Task goal — What are the lines from the one containing "16 décembre 2025, Salle" through the last line of the records below? Return them exactly, leaving out pictures.

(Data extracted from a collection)
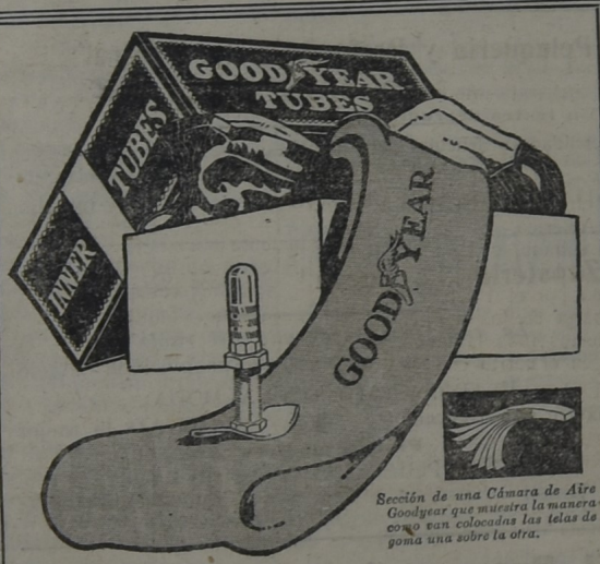
Sección de una Cámara de Aire Goodyear que muestra la manera como son colocadas las telas de goma una sobre la otra.

Calle 18 de Julio esquina Hammet Fray-Bentos Casa de comercio bien surtida y de ventas al contado Cuando no encuentre el artículo que busca, si no ha ido a lo de Onetto no desespere, pues muchas veces encontrará en su casa lo que no se halla en ninguna parte, Reparto a Domicilio Teléfono "La Unión" N.º 78
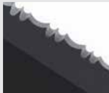
1/2 hoja dentada
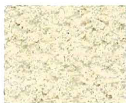
Sable clair (T 20)
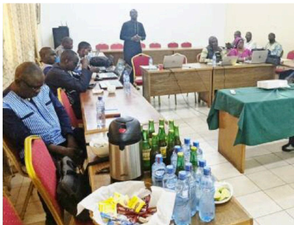
Une vue des participants à l'atelier de validation des annuaires statistiques 2023 et 2024 de la commande publique

16 décembre 2025, Salle de conférence de la résidence Alice
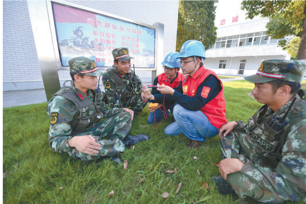
进军营宣讲安全用电知识

Task output —
16 décembre 2025, Salle de conférence de la résidence Alice
进军营宣讲安全用电知识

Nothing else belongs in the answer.